We deal with a lot of dynamic structured data, where different LLM calls have different priorities — speed, latency, cost. After a year using OpenRouter heavily in production, I hit a bunch of real-world problems — bad providers, unreliable fallbacks, weird edge cases with schemas — so I baked all of that into this. We needed strong guarantees on output and simple, reliable handling around it.

The primary motivations:

Explicit structure enforcement (Zod + JSON Schema)

Fine-tune per call — optimize for speed, latency, or price

Ignore bad providers (beyond account settings)

Fallback cleanly to JSON mode (180+ models)

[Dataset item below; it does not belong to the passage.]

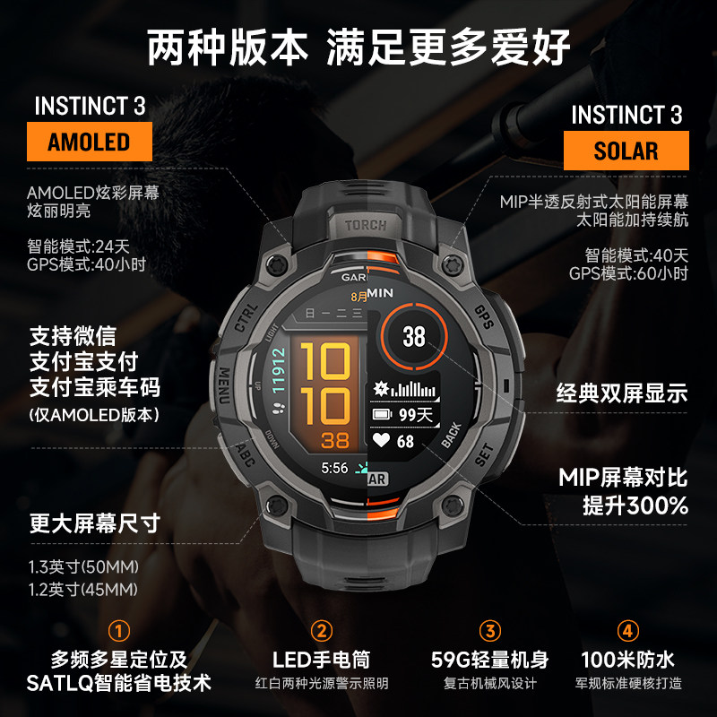 Garmin佳明本能Instinct 3/E太阳能专业户外多功能运动手表男款
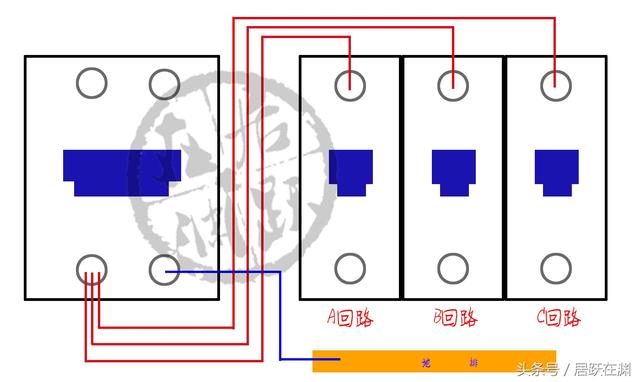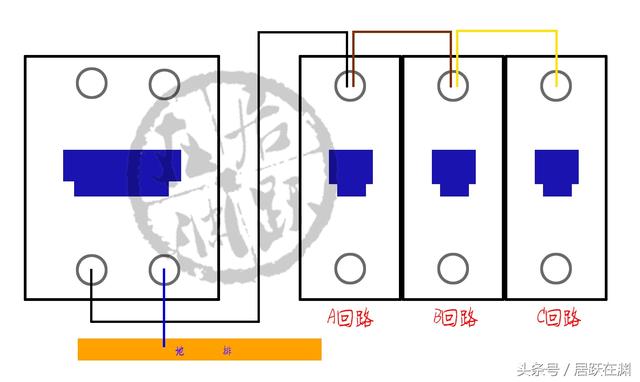 上图中,黑色电线承载的电流,是A,B,C三个回路的电流之和;棕色线承载的电流,是B,C回路电流之和。换句话说,黑色电线承载的电流,和入户线承载的电流大小是一样的。但是,黑色电线属于配电箱内线,它的选择标准是和入户线不一样的。 箱内线,一般为4平方毫米或2.5平方毫米,4平方毫米的电线,最大载流量为25A以上(数据来源于《GB/T 4706.1-2005》)。一个五孔插座的额定电流是10A,一个三孔插座的额定电流是16A,整个房间会有多少个插座?因此,25A的载流量很明显不够,是会引起电线过载的。 入户线一般为6平方毫米,最大载流量为32A以上,能够满足家用(因此要求家庭总开关的额定电流不超过32A)。 那么,如果我把箱内电线换掉,也换成6平方毫米的行不行?答案是不行!电线太粗,势必会挤压箱内空间,影响散热。家用PZ30箱要求,电线不得超过4平方毫米。 正确的接法为,每有一个支路断路器,就要从主开关下口引出一条线,比如这样▼

Add new models declaratively, no client changes needed

It handles:

Strict structured outputs (zod-to-json-schema)

Fallback to JSON if needed

Provider sorting and fallback models

Unified one-line abstraction (makeLLMCall)

Real error handling and dynamic model swapping

We run over 50k OpenRouter requests/day through this in production. Tried to make it stupid simple to read and extend - coming up with the best API abstractions I could.

(On a personal note, as an overworked founder, it felt great to step away from growth and customer support for a bit and spend a day building clean APIs again — reminded me of the simpler days at CMU, grinding through Joshua Bloch’s API design classes. Honestly feels like this could make a good assignment problem.)